# Source material
============================================================

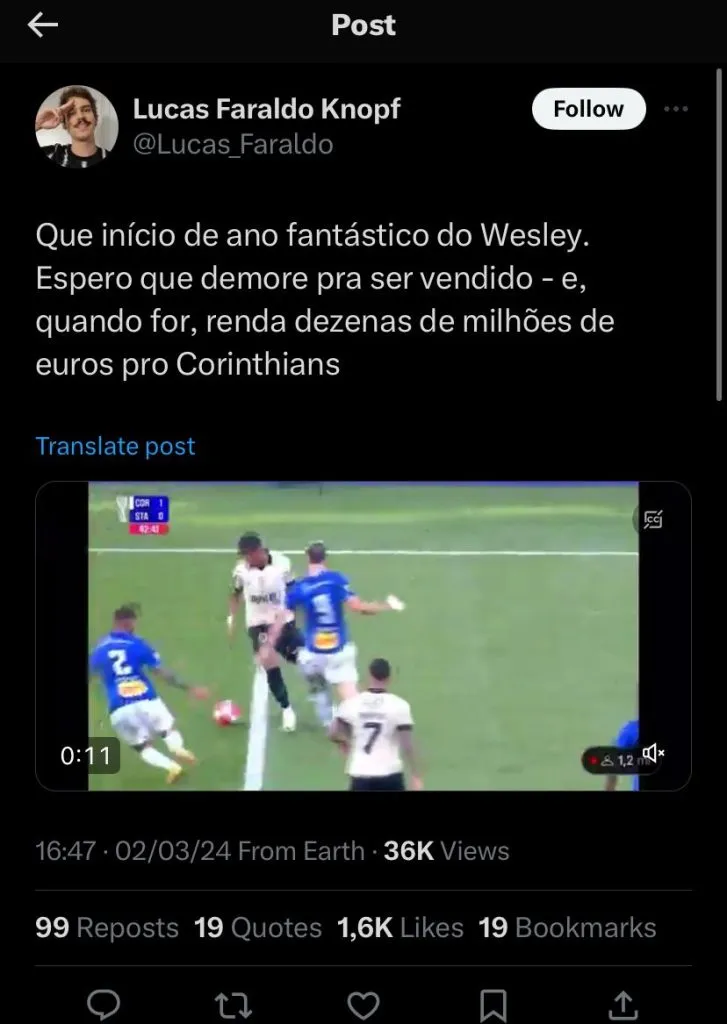 Ainda falando sobre o mercado, se internamente Gabigol voltou a interessar o Corinthians, após a conquista do Flamengo pela Taça Guanabara, o presidente do Clube Carioca deu um novo rumo para a história do camisa 10 rubro-negro.
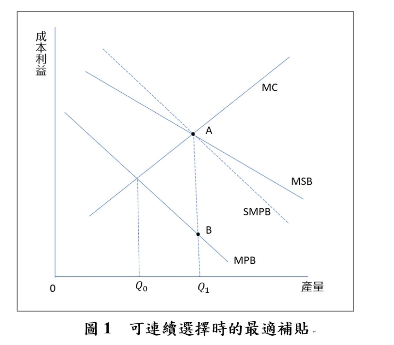 圖1是經濟學分析外部性問題時常用的方法。以某產品的生產為例來說明,假設MC是產品的私人邊際成本,也假設等於社會邊際成本,MPB和MSB分別是私人可得到及全社會能得到的邊際利益。如果政府沒補貼,私人為求私人利益極大,將生產到Q0 。但從Q0 再增加產量的話,因為MC仍低於MSB,所以社會的淨利益會增加。因此政府應該鼓勵增產到Q1 ,邊際成本才會等於邊際社會利益而不值得再增產。
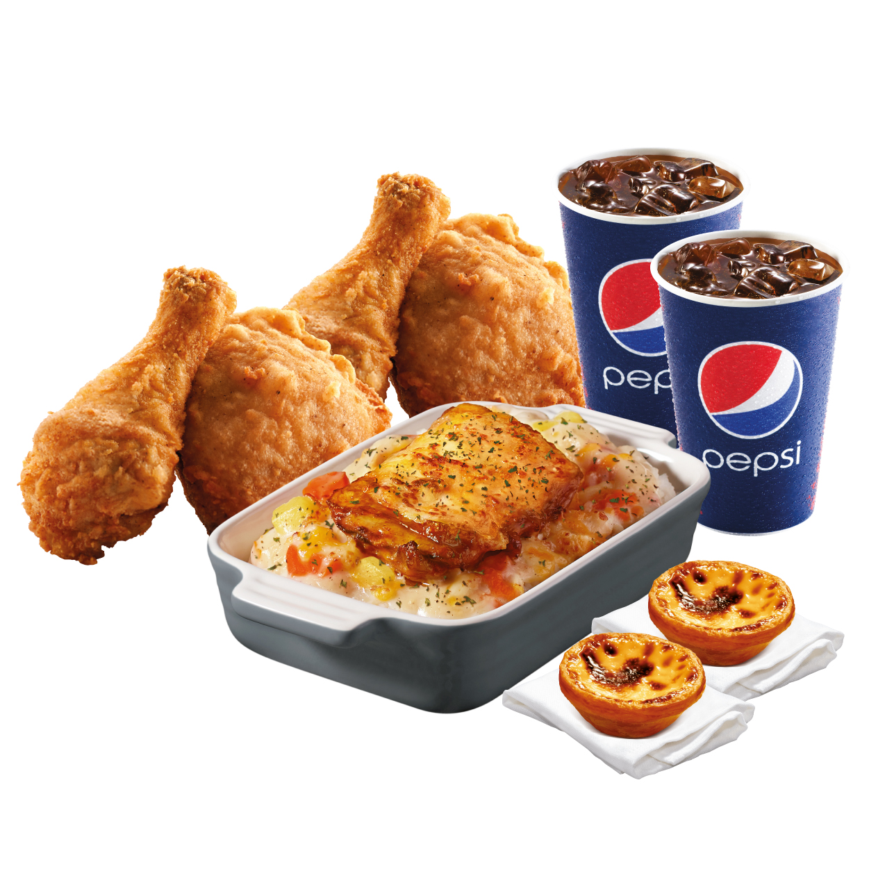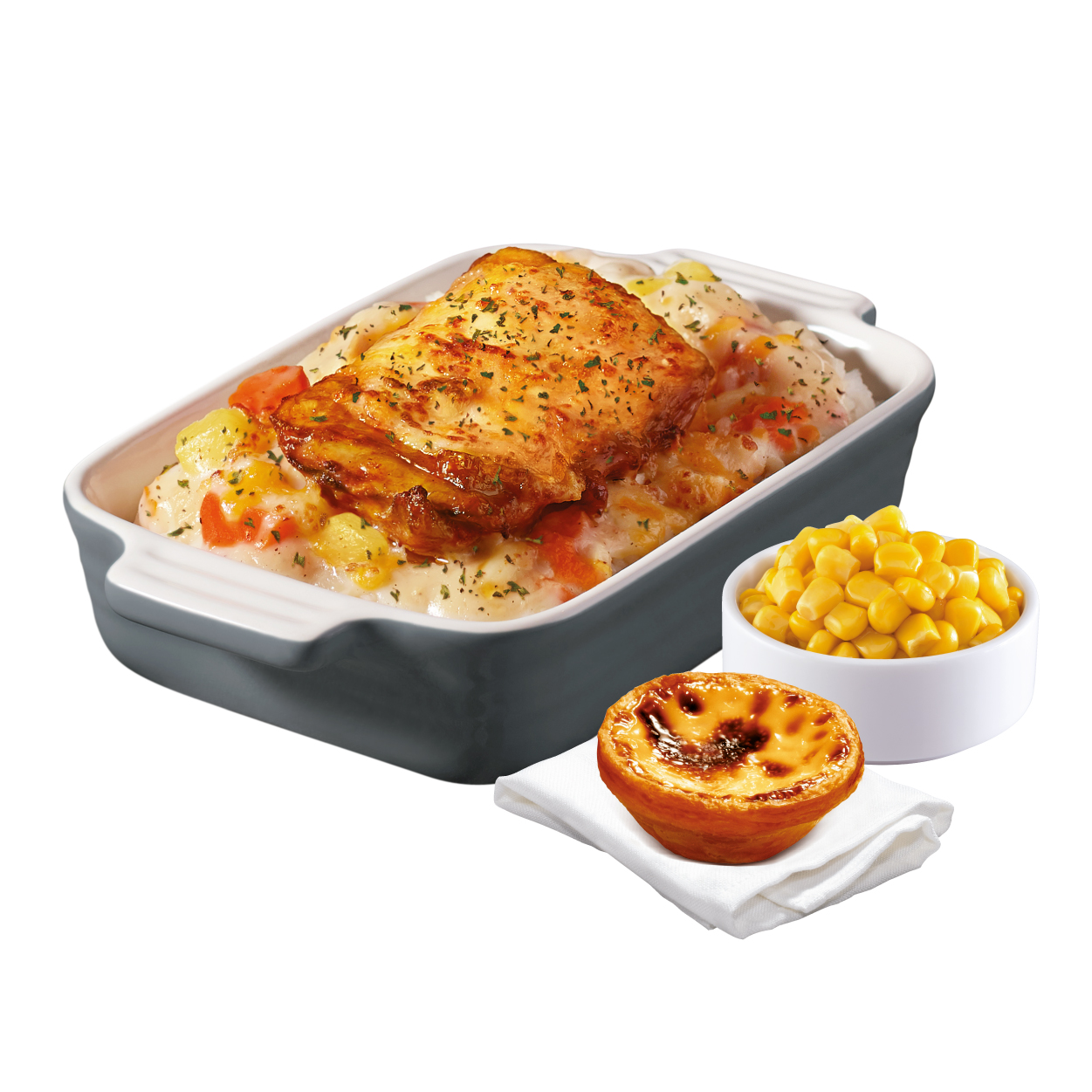 「燒雞扒雞皇芝士焗飯」單點:堂食港幣$43起;好味速遞港幣$69;好味速遞加配價:港幣$43。堂食套餐價配飲品:港幣$45起。好味速遞套餐配粟米杯及經典葡撻:港幣$79。

============================================================

Copy all of the listing word for word, minus the images.

# Answer space
 Ainda falando sobre o mercado, se internamente Gabigol voltou a interessar o Corinthians, após a conquista do Flamengo pela Taça Guanabara, o presidente do Clube Carioca deu um novo rumo para a história do camisa 10 rubro-negro.
 圖1是經濟學分析外部性問題時常用的方法。以某產品的生產為例來說明,假設MC是產品的私人邊際成本,也假設等於社會邊際成本,MPB和MSB分別是私人可得到及全社會能得到的邊際利益。如果政府沒補貼,私人為求私人利益極大,將生產到Q0 。但從Q0 再增加產量的話,因為MC仍低於MSB,所以社會的淨利益會增加。因此政府應該鼓勵增產到Q1 ,邊際成本才會等於邊際社會利益而不值得再增產。
 「燒雞扒雞皇芝士焗飯」單點:堂食港幣$43起;好味速遞港幣$69;好味速遞加配價:港幣$43。堂食套餐價配飲品:港幣$45起。好味速遞套餐配粟米杯及經典葡撻:港幣$79。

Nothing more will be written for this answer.